* [Given data]:
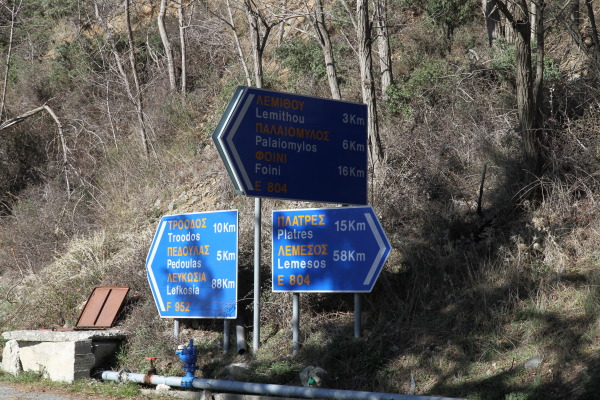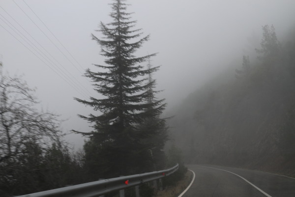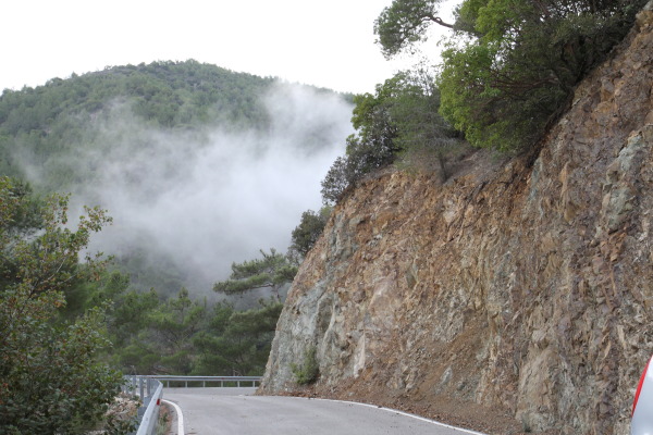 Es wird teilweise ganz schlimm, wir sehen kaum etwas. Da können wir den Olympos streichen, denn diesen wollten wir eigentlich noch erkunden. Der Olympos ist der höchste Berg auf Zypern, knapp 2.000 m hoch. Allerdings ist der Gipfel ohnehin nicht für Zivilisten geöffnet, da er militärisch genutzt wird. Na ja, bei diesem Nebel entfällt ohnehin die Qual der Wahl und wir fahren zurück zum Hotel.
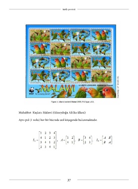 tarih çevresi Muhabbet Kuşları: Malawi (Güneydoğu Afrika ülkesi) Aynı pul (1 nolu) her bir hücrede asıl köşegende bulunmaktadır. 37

==

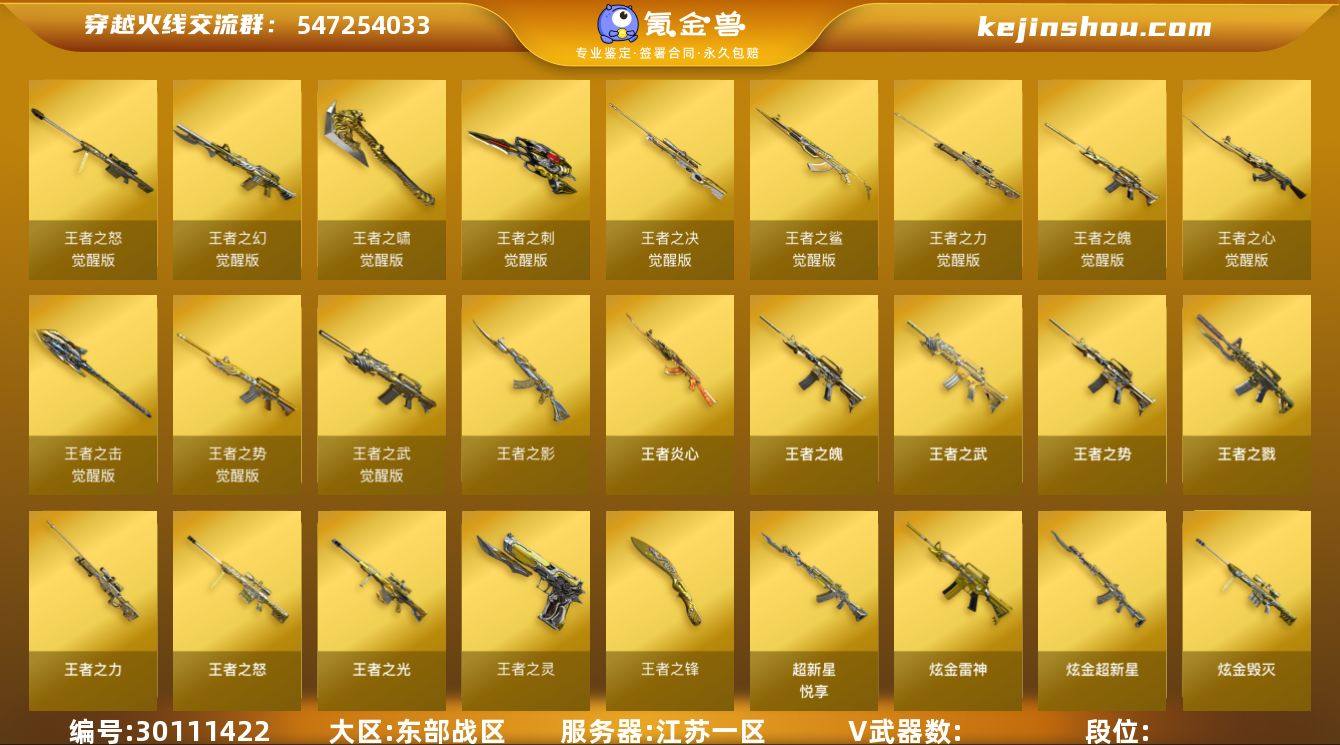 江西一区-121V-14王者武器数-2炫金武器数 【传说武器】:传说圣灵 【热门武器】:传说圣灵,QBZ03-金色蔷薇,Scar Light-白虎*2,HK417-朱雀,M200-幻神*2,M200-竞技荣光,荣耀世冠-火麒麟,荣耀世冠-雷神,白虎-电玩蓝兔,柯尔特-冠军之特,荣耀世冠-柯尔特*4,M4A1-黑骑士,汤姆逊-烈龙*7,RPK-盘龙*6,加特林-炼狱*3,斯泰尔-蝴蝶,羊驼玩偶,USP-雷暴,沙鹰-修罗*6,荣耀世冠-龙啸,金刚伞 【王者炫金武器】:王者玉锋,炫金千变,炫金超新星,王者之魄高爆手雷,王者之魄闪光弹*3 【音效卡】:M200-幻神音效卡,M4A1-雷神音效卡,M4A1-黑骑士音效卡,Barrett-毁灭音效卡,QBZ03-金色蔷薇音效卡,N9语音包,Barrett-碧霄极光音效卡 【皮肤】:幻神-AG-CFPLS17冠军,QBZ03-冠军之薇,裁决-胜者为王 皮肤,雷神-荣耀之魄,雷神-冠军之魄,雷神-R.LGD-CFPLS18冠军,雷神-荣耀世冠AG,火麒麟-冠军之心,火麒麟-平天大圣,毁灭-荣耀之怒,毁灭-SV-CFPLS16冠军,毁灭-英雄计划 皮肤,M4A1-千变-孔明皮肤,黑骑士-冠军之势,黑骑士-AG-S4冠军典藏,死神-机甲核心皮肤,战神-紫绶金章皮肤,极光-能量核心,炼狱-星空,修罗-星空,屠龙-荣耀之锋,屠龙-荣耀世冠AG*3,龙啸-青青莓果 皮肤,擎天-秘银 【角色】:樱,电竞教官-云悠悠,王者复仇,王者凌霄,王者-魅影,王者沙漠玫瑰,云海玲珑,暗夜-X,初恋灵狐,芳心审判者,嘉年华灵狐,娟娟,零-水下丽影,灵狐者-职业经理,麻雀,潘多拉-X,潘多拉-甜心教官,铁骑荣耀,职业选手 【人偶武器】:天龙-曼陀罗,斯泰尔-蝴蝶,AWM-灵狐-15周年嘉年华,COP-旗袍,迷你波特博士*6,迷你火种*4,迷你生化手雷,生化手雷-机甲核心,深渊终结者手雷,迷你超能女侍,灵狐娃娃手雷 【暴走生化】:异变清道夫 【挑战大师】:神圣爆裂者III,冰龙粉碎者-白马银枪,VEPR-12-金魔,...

* [Task description]:
From the data above, retype only the lines starting with the line with "Es wird teilweise" and going on through the line with "tarih çevresi Muhabbet", exactly, leaving out the pictures.

* [Answer to this problem]:
 Es wird teilweise ganz schlimm, wir sehen kaum etwas. Da können wir den Olympos streichen, denn diesen wollten wir eigentlich noch erkunden. Der Olympos ist der höchste Berg auf Zypern, knapp 2.000 m hoch. Allerdings ist der Gipfel ohnehin nicht für Zivilisten geöffnet, da er militärisch genutzt wird. Na ja, bei diesem Nebel entfällt ohnehin die Qual der Wahl und wir fahren zurück zum Hotel.
 tarih çevresi Muhabbet Kuşları: Malawi (Güneydoğu Afrika ülkesi) Aynı pul (1 nolu) her bir hücrede asıl köşegende bulunmaktadır. 37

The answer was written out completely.